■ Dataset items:
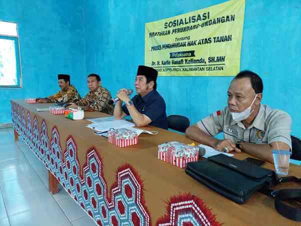 Demikian disampaikan anggota DPRD Provinsi Kalimantan Selatan Dr H Karlie Hanafi Kalianda, SH, MH saat melaksanakan kegiatan Sosialisasi/Penyebarluasan Peraturan Perundang-undangan/PP Nomor 24 Tahun 1997 tentang Pendaftaran Tanah di Desa Sungai Sahurai Kecamatan Rantau Badauh Kabupaten Barito Kuala, Kamis (23/12/2021).
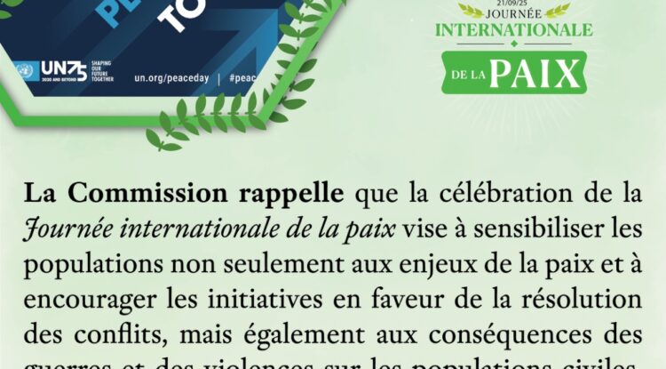 A l’occasion de la célébration de la Journée Internationale de la paix, 21 septembre 2025, sous le thème : « Agissons pour un monde pacifique ». La Commission rappelle que la célébration de la Journée internationale de la paix vise à sensibiliser les populations non seulement aux enjeux de la paix et…
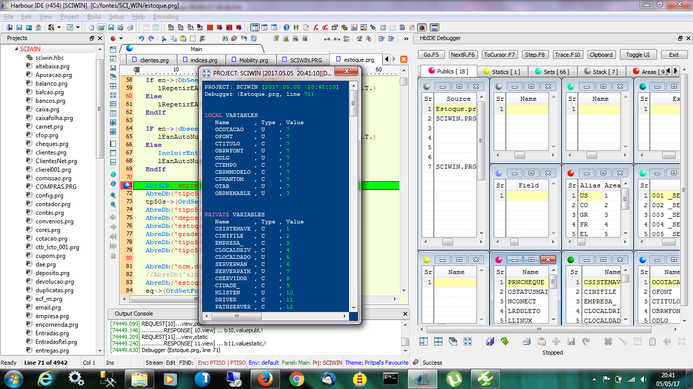 Continuo com a opinião que essa é a melhor IDE para quem usa o Harbour. Vários recursos bons e não está estagnada no tempo. Desenvolvida por um programador que usa o Harbour, usando QT e seu código está a disposição para quem sabe e quer ajudar. O Debug dela, é uma das principais ferramentas, para que tem o hábito de usar. O HbDBU permiti abrir o DBF e junto com intellisense mostrar os nomes dos campos do DBF no editor.
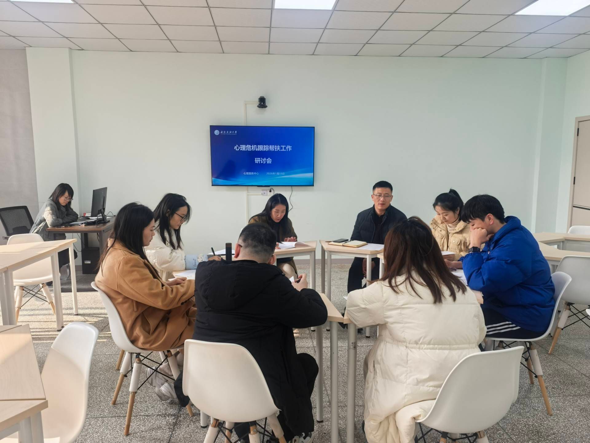 为深入贯彻落实立德树人根本任务,进一步加强和改进学生心理健康教育工作,提升心理危机预防与干预工作的科学性与实效性,2026年1月15日下午,心理服务中心在209团体辅导室组织召开专题研讨会,聚焦于优化学生心理危机跟踪帮扶工作方案。学生发展部(团委)副部长秦明旺、专职心理健康教师以及各学院心理辅导员参加了本次会议。
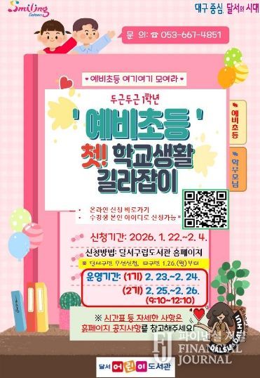 파이낸셜 저널 금교광 기자 | 대구 달서구는 2026년 초등학교 입학을 앞둔 예비 학부모와 예비 초등학생을 대상으로, 입학 준비와 교육과정 안내, 자녀의 바른 성장과 발달을 돕기 위한 ‘예비초등! 첫 학교생활 길라잡이’를 달서구청과 달서어린이도서관에서 개최한다.
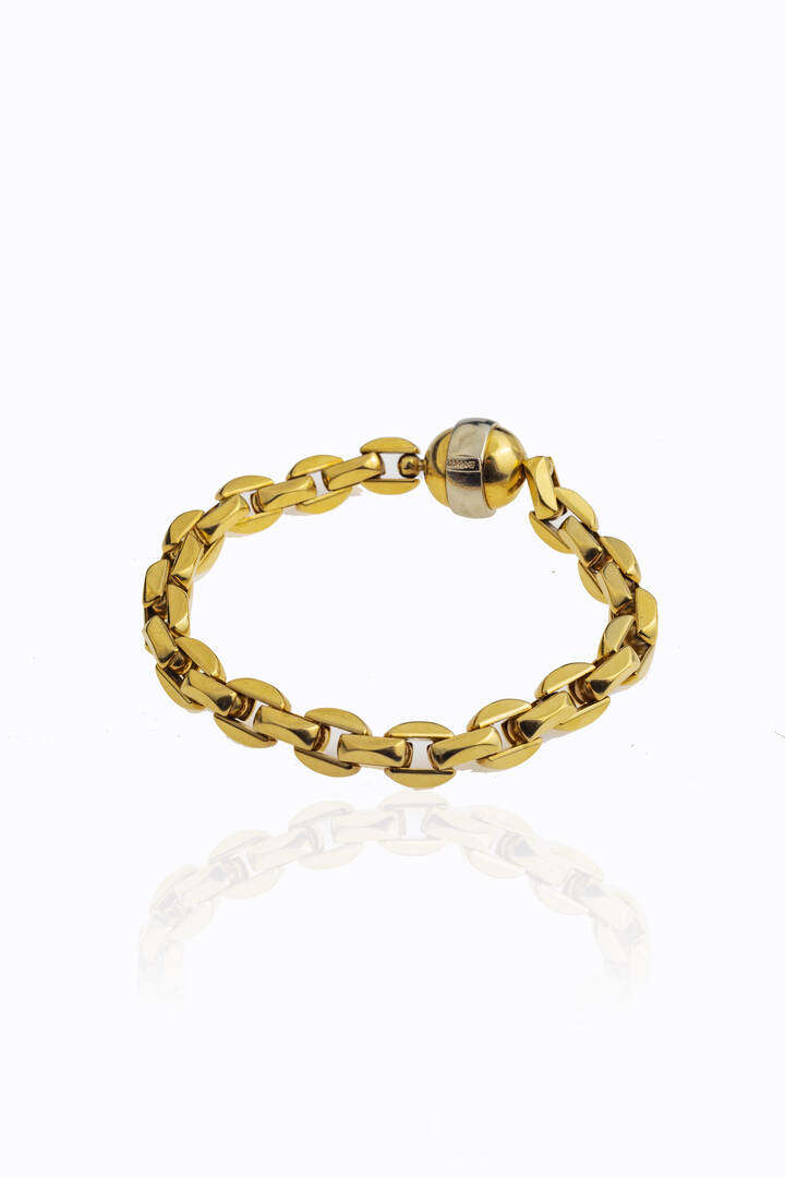 Bracciale in oro giallo, firmato "Barakà", lavorato a maglia geometrica. Chiusura a sfera
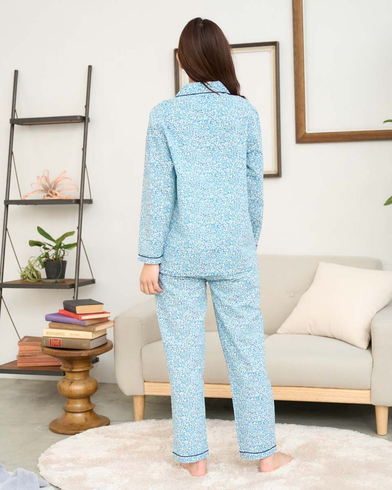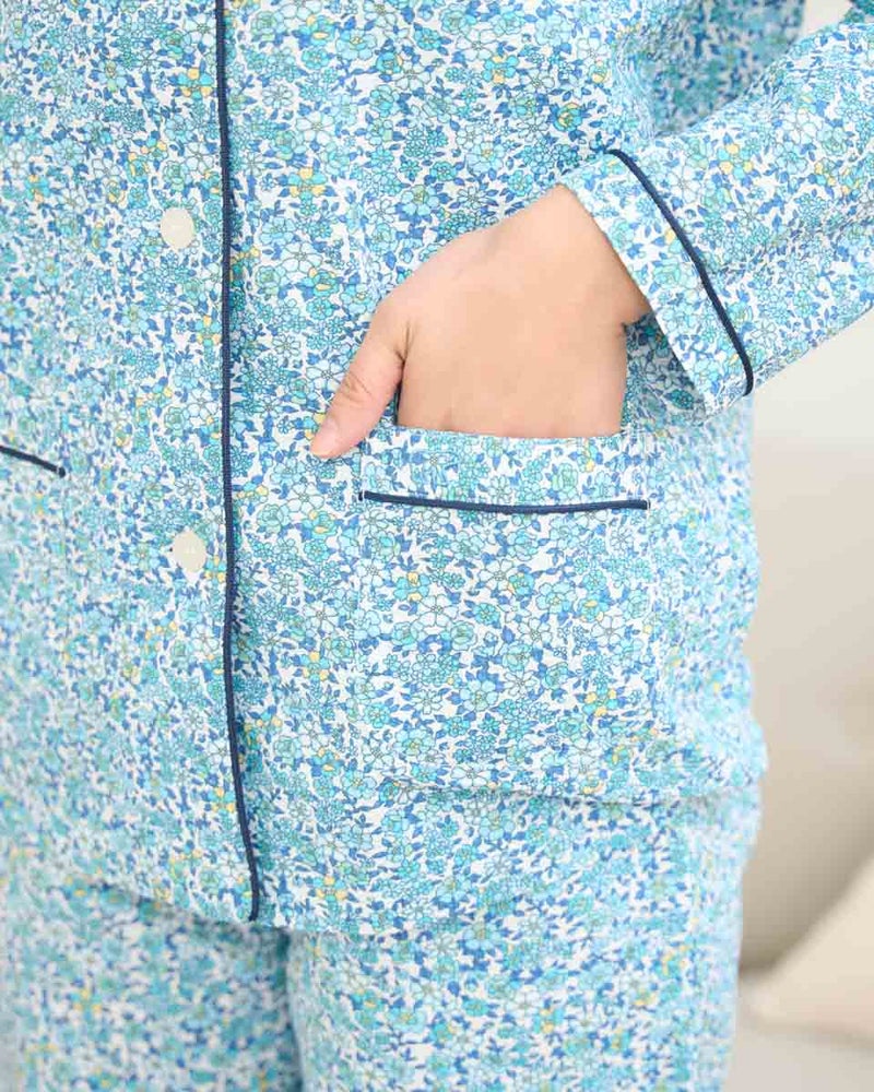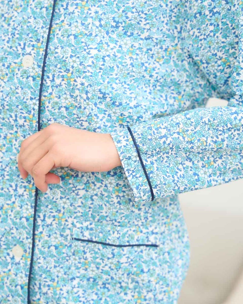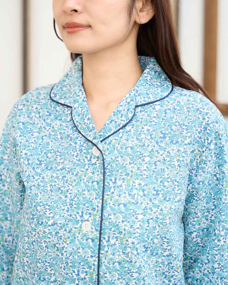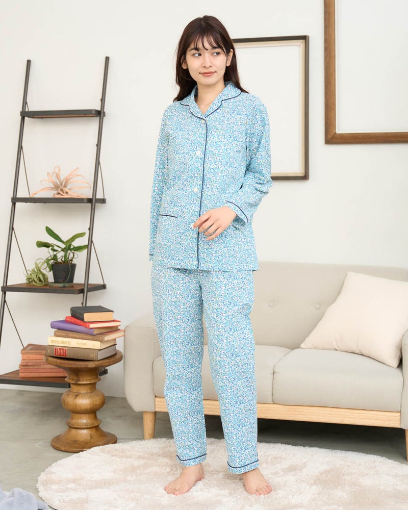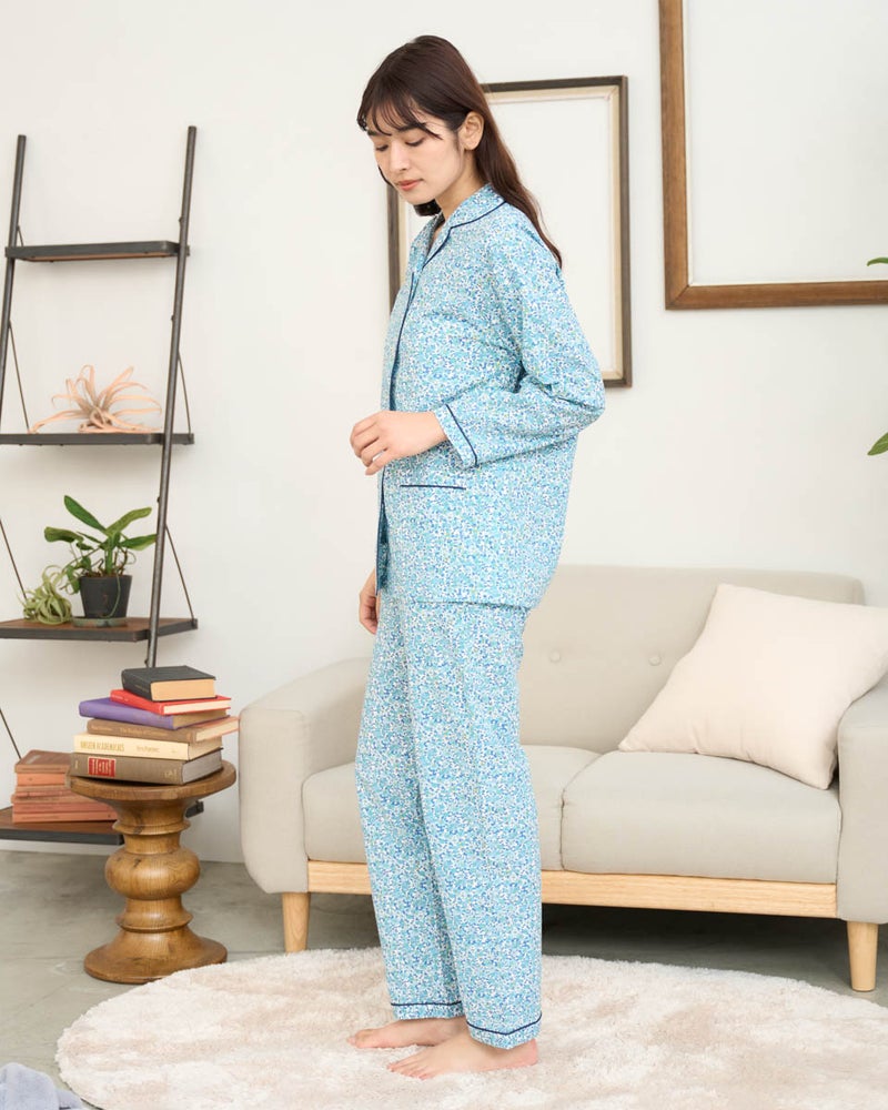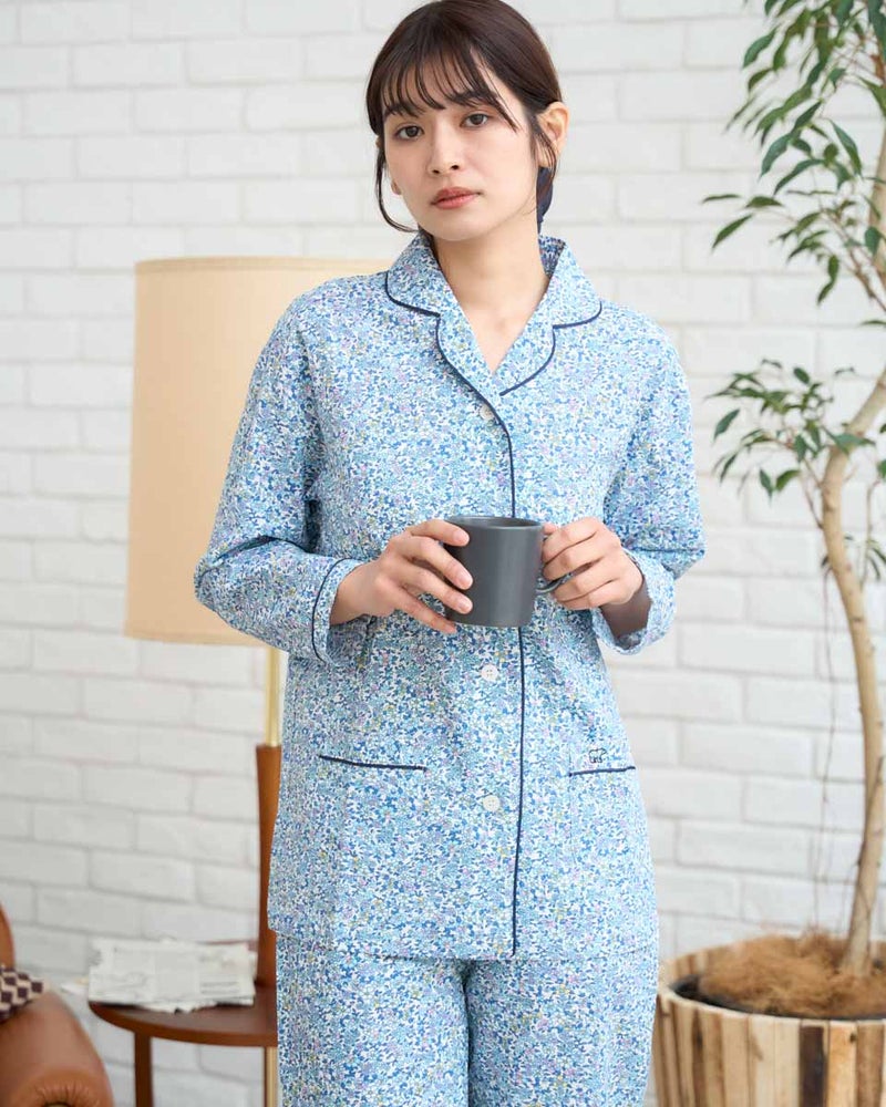 軽く着心地のいい綿100%のリップル素材を使用した、長袖のテーラードパジャマです。表面に凹凸のあるリップル生地は肌離れが良くさらさらとした快適な肌触りで、寝返りやリラックスタイムも快適です。テーラード仕様で首まわりがすっきり見え、上品な印象をあたえつつも、締め付け感が少なくゆったり着用いただけます。さらに、日常使いに便利なポケット付き仕様で、リラックスした時間を過ごすのにうれしい一着です。

■ Task brief:
Leaving the pictures out, set down exactly the lines from the one with "Bracciale in oro" through the end of the records.

■ Solved exercise:
 Bracciale in oro giallo, firmato "Barakà", lavorato a maglia geometrica. Chiusura a sfera
 軽く着心地のいい綿100%のリップル素材を使用した、長袖のテーラードパジャマです。表面に凹凸のあるリップル生地は肌離れが良くさらさらとした快適な肌触りで、寝返りやリラックスタイムも快適です。テーラード仕様で首まわりがすっきり見え、上品な印象をあたえつつも、締め付け感が少なくゆったり着用いただけます。さらに、日常使いに便利なポケット付き仕様で、リラックスした時間を過ごすのにうれしい一着です。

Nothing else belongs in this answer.